Incomputable
Incomputable

Reputation: 2208

Is there a null file descriptor value in POSIX?

tl;dr Is there a posix descriptor value that I can throw into close() and nothing will happen?


Is there a specific value which I could use, like NULL for pointers, for file descriptors? I'd like the code to be uniform, so I thought that I could set the origin descriptor into null descriptor.

class socket
{
    int fd;
public:
    //deleted copy operations
    socket(socket&& other):
                   fd{other.fd}
    {
        other.fd = /*null descriptor*/
    }

    ~socket()
    {
        if (close(fd) == -1)
        {
            throw std::runtime_error{strerror(errno)};
        }
        // ^^ null file descriptor will do nothing on close()
        // like delete nullptr;
    }

I can store a boolean flag, but I'd like to avoid it.

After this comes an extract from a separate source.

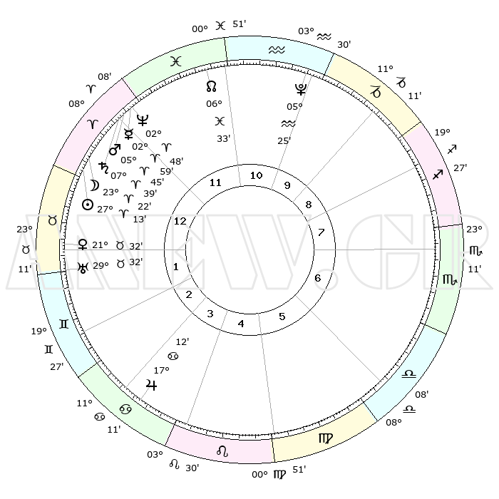 | | ΘΕΣΕΙΣ ΠΛΑΝΗΤΩΝ ΑΣΤΡΟΛΟΓΙΚΟΥ ΧΑΡΤΗ ΤΗΣ ΣΤΙΓΜΗΣ ΑΥΤΗΣ | | | | Πλανήτης | Ζώδιο | Μοίρες | Δεκαήμ. | Σε οίκο | Απόκλιση | | Ακμές των οίκων | | Ηλιος | Κριός | 27°10' | Τρίτο | 12 | 10 N 28 | | 1ος | 01°15' | Ταύρος | | Σελήνη | Κριός | 22°43' | Τρίτο | 12 | 12 N 11 | | 2ος | 03°07' | Δίδυμοι | | Ερμής | Κριός | 02°55' | Πρώτο | 12 | 01 S 15 | | 3ος | 26°33' | Δίδυμοι | | Αφροδίτη | Ταύρος | 21°29' | Τρίτο | 1 | 18 N 23 | | 4ος | 18°15' | Καρκίνος | | Αρης | Κριός | 05°43' | Πρώτο | 12 | 01 N 23 | | 5ος | 12°46' | Λέων | | Δίας | Καρκίνος | 17°12' | Δεύτερο | 3 | 22 N 42 | | 6ος | 15°44' | Παρθένος | | Κρόνος | Κριός | 07°39' | Πρώτο | 12 | 01 N 04 | | 7ος | 01°15' | Σκορπιός | | Ουρανός | Ταύρος | 29°32' | Τρίτο | 1 | 19 N 53 | | 8ος | 03°07' | Τοξότης | | Ποσειδώνας | Κριός | 02°48' | Πρώτο | 12 | 00 S 06 | | 9ος | 26°33' | Τοξότης | | Πλούτωνας | Υδροχόος | 05°25' | Πρώτο | 10 | 22 S 47 | | 10ος | 18°15' | Αιγόκερως | | Β. Δεσμός | Ιχθείς | 06°33' | Πρώτο | 11 | 09 S 06 | | 11ος | 12°46' | Υδροχόος | | Ωροσκόπος | Ταύρος | 01°15' | Πρώτο | | | 12ος | 15°44' | Ιχθείς | | Μεσουράνημα | Αιγόκερως | 18°15' | Δεύτερο | | | |

The OS that it will be used on is Ubuntu 16.04, with gcc 5.4. I cannot use any library outside of POSIX and standard library itself, up to version present in gcc 5.4.

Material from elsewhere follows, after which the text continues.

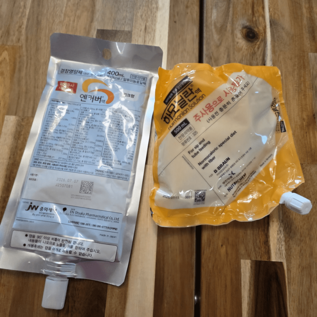 대학병원에서 처방받을 수 있는 경장영양제는 하모닐란, 엔커버 정도다. (뉴케어란 제품도 있는데 의사들이 그리 선호하지 않는 듯 하다)

I tried to read man pages for open(), close(). They didn't mention any special value to use.

I tried to set it to -1, but I'm not sure if it is safe to use everywhere.

Upvotes: 2

Views: 2198

Answers (1)

SergeyA
SergeyA

Reputation: 62553

A minus 1 value for file descriptor can be used in close call with no detrimental effect on the application other than close returning -1 itself.

Since negative one is guaranteed to never be a valid file descriptor, it will be safe.